===== INFORMATION SUPPLIED

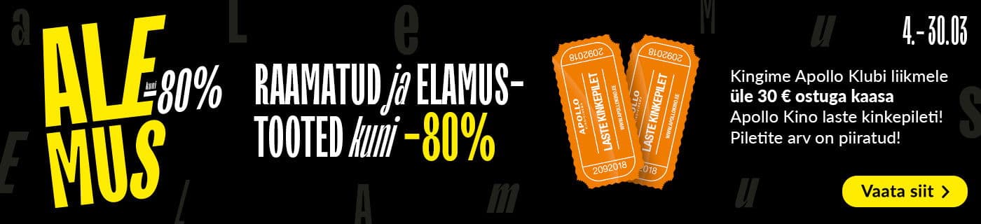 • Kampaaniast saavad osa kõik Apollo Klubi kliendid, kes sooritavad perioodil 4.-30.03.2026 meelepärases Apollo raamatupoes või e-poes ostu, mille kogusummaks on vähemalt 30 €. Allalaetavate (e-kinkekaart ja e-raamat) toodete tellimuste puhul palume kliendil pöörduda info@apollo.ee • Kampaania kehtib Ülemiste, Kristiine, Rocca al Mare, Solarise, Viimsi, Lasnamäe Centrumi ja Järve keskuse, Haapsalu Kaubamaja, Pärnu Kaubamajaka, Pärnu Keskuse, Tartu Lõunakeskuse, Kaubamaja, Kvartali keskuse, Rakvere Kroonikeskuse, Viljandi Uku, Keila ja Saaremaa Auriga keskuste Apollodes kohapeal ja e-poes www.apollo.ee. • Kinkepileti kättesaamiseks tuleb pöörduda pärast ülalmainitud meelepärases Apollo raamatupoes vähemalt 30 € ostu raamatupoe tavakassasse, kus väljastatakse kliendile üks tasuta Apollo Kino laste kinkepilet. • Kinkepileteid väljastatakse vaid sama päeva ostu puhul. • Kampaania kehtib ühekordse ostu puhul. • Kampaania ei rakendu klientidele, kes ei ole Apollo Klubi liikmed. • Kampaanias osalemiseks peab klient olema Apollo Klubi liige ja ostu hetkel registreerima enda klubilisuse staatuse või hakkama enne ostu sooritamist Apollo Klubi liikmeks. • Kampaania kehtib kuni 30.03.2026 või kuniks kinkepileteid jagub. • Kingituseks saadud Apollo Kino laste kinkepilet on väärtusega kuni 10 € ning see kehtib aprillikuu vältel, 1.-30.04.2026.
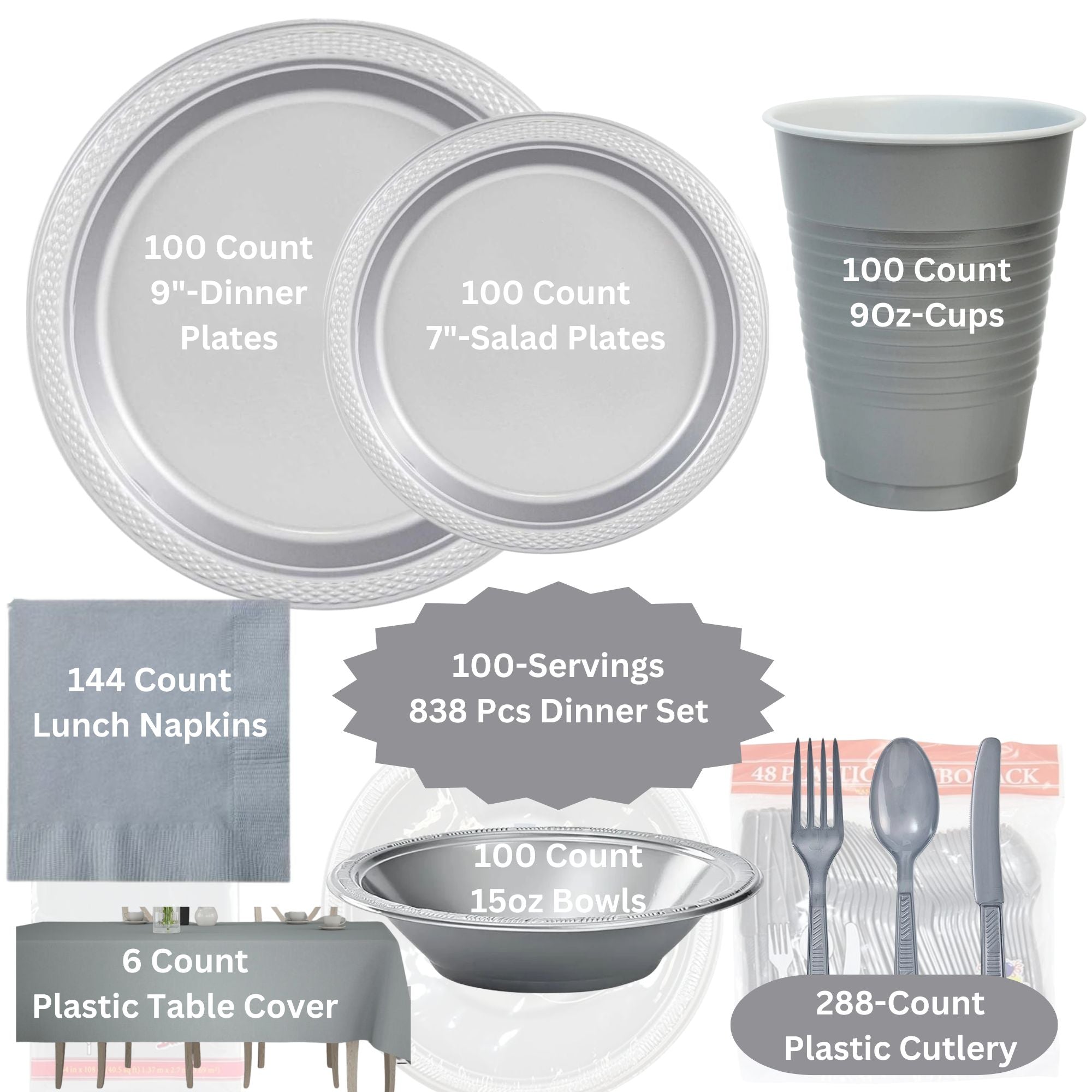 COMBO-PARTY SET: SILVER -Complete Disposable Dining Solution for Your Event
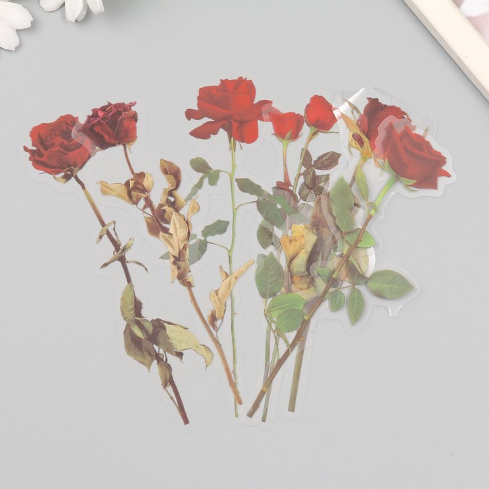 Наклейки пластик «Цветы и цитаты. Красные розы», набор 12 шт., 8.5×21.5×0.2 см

==========

## AIM OF THE TASK:
The material above is to be transcribed exactly, with all pictures omitted.

## ANSWER AREA:
 • Kampaaniast saavad osa kõik Apollo Klubi kliendid, kes sooritavad perioodil 4.-30.03.2026 meelepärases Apollo raamatupoes või e-poes ostu, mille kogusummaks on vähemalt 30 €. Allalaetavate (e-kinkekaart ja e-raamat) toodete tellimuste puhul palume kliendil pöörduda info@apollo.ee • Kampaania kehtib Ülemiste, Kristiine, Rocca al Mare, Solarise, Viimsi, Lasnamäe Centrumi ja Järve keskuse, Haapsalu Kaubamaja, Pärnu Kaubamajaka, Pärnu Keskuse, Tartu Lõunakeskuse, Kaubamaja, Kvartali keskuse, Rakvere Kroonikeskuse, Viljandi Uku, Keila ja Saaremaa Auriga keskuste Apollodes kohapeal ja e-poes www.apollo.ee. • Kinkepileti kättesaamiseks tuleb pöörduda pärast ülalmainitud meelepärases Apollo raamatupoes vähemalt 30 € ostu raamatupoe tavakassasse, kus väljastatakse kliendile üks tasuta Apollo Kino laste kinkepilet. • Kinkepileteid väljastatakse vaid sama päeva ostu puhul. • Kampaania kehtib ühekordse ostu puhul. • Kampaania ei rakendu klientidele, kes ei ole Apollo Klubi liikmed. • Kampaanias osalemiseks peab klient olema Apollo Klubi liige ja ostu hetkel registreerima enda klubilisuse staatuse või hakkama enne ostu sooritamist Apollo Klubi liikmeks. • Kampaania kehtib kuni 30.03.2026 või kuniks kinkepileteid jagub. • Kingituseks saadud Apollo Kino laste kinkepilet on väärtusega kuni 10 € ning see kehtib aprillikuu vältel, 1.-30.04.2026.
 COMBO-PARTY SET: SILVER -Complete Disposable Dining Solution for Your Event
 Наклейки пластик «Цветы и цитаты. Красные розы», набор 12 шт., 8.5×21.5×0.2 см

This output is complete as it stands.